Existe un gran número de personas cada día más consciente de esta situación. En efecto, las encuestas hechas por el propio gobierno sondean que 75% de los chilenos creen que el Estado debe asegurar el acceso al consumo humano y 81% cree que frente a la sequía la principal acción para enfrentarla es aumentar la protección de ríos, lagos, acuíferos, humedales, glaciares y otros. A pesar de eso, el pasado enero, después de once años de haber ingresado, la reforma constitucional para consagrar el derecho al agua como un derecho, se rechazó en general; es decir, ni siquiera alcanzó el quórum requerido para discutir el proyecto. En aquella sesión, en la que se rechazó el acceso al agua para los seres humanos y los ecosistemas, no contó con la mirada de miles de chilenos. Los políticos no sintieron la presión de avanzar en estos cambios y francamente cuesta creer que ese mismo parlamento esté dispuesto a avanzar en el acceso al agua.
Tanto esa reforma constitucional, como la que hoy mantiene a nuestro país expectante, no solucionan el problema basal ya que no nos liberan de los problemas de fondo. El problema estructural es que hemos construido un sistema económico y de relaciones sociales que disponibiliza nuestros derechos como mercancías; que regala nuestros bienes comunes, destruye nuestro ecosistemas, y olvida las dinámicas propias de la naturaleza en los cálculos de costos y pérdidas. Ese proyecto nacional, basado principalmente en la explotación intensiva de nuestro territorio, marcado por una fuerte inequidad territorial, está recogido en un sistema jurídico que encuentra su norma más elevada en la Constitución Política.
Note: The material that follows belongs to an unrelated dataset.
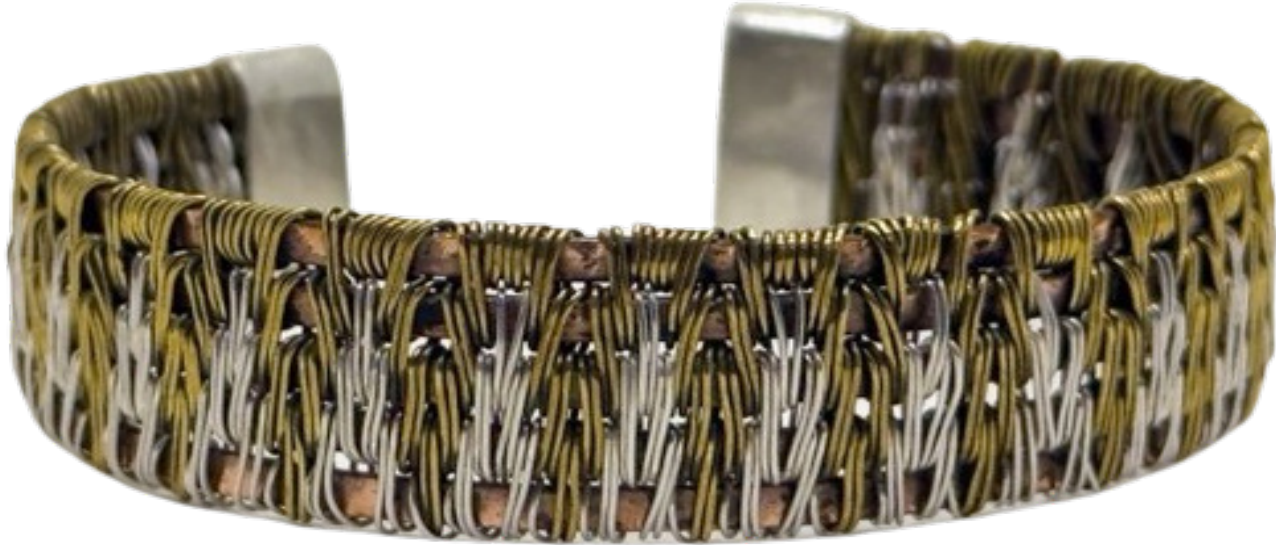
أسورة - فضة ونحاس اصفر وأحمر، كسر احجار - ١,٤×٦×٥ سم - ٢٠٢٣

مواليد ١٩٨٦، بكالوريوس كلية التربية النوعية ٢٠٠٧، دكتوراه التربية النوعية في التربية الفنية ٢٠٢٣، إحصائي فنون تشكيلية بوزارة الثقافة، شاركت في العديد من المعارض الداخلية والخارجية، ساهمت في العديد من الفاعليات الفنية والتشكيلية من مسابقات وورش عمل في مجالات الرسم والتصوير والنحت والطباعة والأشغال الفنية والمعادن.

El riesgo y el miedo son un motor político, fuertemente estudiado, y dramáticamente implementado en este terreno. Hoy, ese temor debe impulsarnos a desarrollar una Constitución Política que sirva como norma fundamental para interpretar todo nuestro sistema con otro enfoque, uno que ponga el valor de la vida y salud de nosotros y planetaria en el centro de la discusión. Porque tal como dijera Hans Jonas en 1979, cuando se trata de pensar en la responsabilidad que tenemos con el futuro, debemos comprender que nuestra primera obligación es la de mantener las condiciones para que podamos existir como sujetos para adelante. Solo desde ahí podemos construir presupuestos para la vida económica y social. A cien días del plebiscito, nuestro acto más responsable es incidir, actuar, llamar y unirnos a muchas y muchos en el camino para la aprobación de una constitución ecológica.